Abov (Hungarian: Abaúj) is historically the Slovak name of Abaúj County in the Kingdom of Hungary. Today, it is an informal designation of the part of that county situated in Slovakia, as well as the official name of one of Slovakia's tourist regions (situated in that territory). The southern half of the former county is part of modern Hungary.

==Geography==
Abov is situated some 20 km to both sides along the Hornád river (Hernád) around Košice.

==History==
The (whole) county arose in the second half of the 13th century from the comitatus Novi Castri (named after Novum Castrum, today Abaújvár), which also included the later counties Sáros and Heves counties.
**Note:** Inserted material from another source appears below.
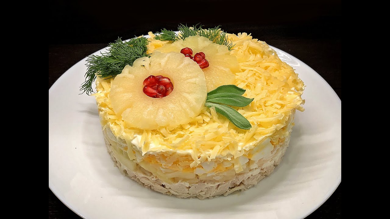 Усі інгредієнти перемішуємо між собою, і для естетичного вигляду посипаємо салат зверху сиром і прикрашаємо шматочками ананасу. Ставимо в холодильник і подаємо на стіл через декілька годин. За бажанням цей салат також можна готувати шарами у кулінарному кільці.
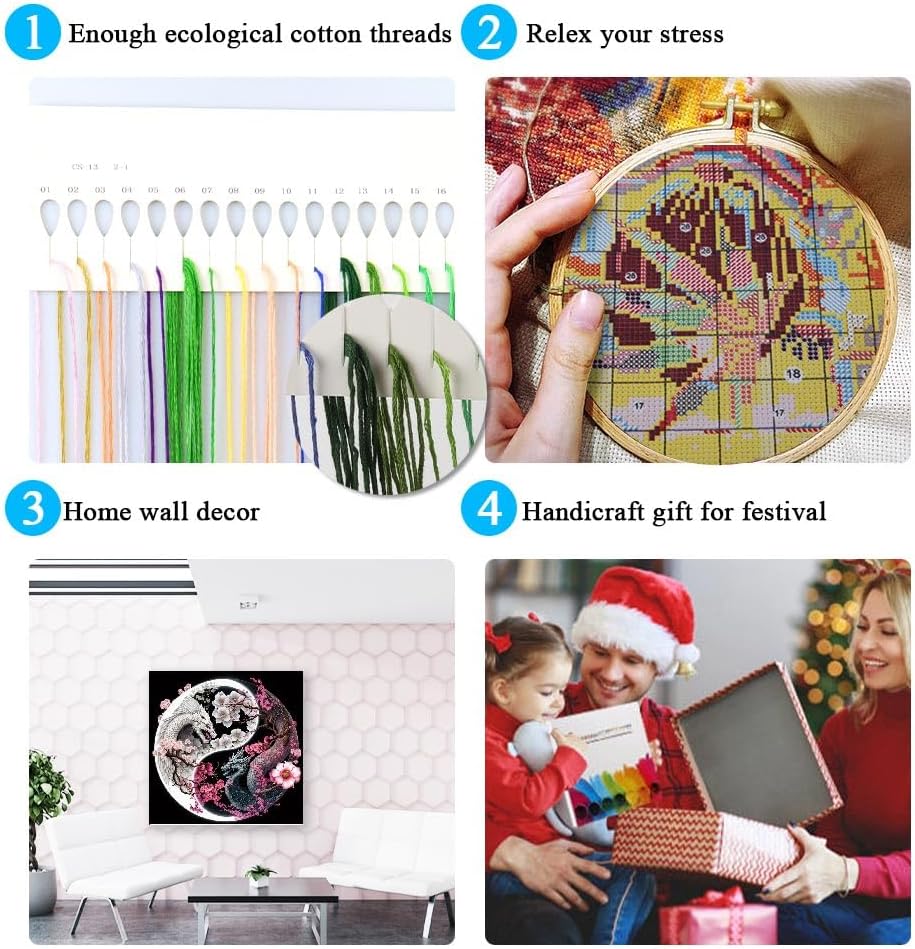 【مثالية للمبتدئين】تعطي مجموعات غرز التنين المتقاطعة لوحة قماشية محددة مسبقًا ووصفًا تفصيليًا، وأدوات كاملة، ومناسبة للأطفال والبالغين والمبتدئين، تحتاج فقط إلى اتباع المسار المحدد مسبقًا، يمكنك أن تأخذ زمام المبادرة للوصول إلى الوجهة واستكمال التحدي الفكري.

In 1882, the county was merged with the small Torna County and has existed as the Abaúj-Torna county since. This county previously existed temporarily in 1785-1790 and 1848-1859.

In 1920, the northern half of the county (including Košice) became part of newly formed Czechoslovakia and continued to exist as an administrative unit till 1922 (Abovskoturnianska župa).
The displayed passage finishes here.